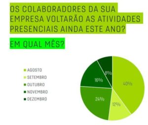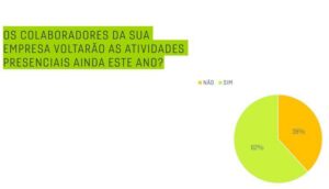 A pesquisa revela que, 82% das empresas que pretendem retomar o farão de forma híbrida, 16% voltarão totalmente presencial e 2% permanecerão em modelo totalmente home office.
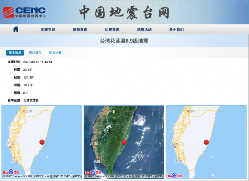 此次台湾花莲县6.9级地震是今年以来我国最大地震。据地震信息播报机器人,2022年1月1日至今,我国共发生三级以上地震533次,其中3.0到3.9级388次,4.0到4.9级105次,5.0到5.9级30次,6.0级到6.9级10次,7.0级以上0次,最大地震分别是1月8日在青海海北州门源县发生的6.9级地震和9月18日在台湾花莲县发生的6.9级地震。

==

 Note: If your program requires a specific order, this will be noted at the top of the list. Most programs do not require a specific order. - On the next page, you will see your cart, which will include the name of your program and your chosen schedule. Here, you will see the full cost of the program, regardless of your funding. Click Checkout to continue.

**Work task:** Go back to the lines above and output, exactly as they stand, the ones from the line containing "A pesquisa revela" to the line containing "此次台湾花莲县6.9级地震是". Leave all pictures behind.

**Result of the task:**
 A pesquisa revela que, 82% das empresas que pretendem retomar o farão de forma híbrida, 16% voltarão totalmente presencial e 2% permanecerão em modelo totalmente home office.
 此次台湾花莲县6.9级地震是今年以来我国最大地震。据地震信息播报机器人,2022年1月1日至今,我国共发生三级以上地震533次,其中3.0到3.9级388次,4.0到4.9级105次,5.0到5.9级30次,6.0级到6.9级10次,7.0级以上0次,最大地震分别是1月8日在青海海北州门源县发生的6.9级地震和9月18日在台湾花莲县发生的6.9级地震。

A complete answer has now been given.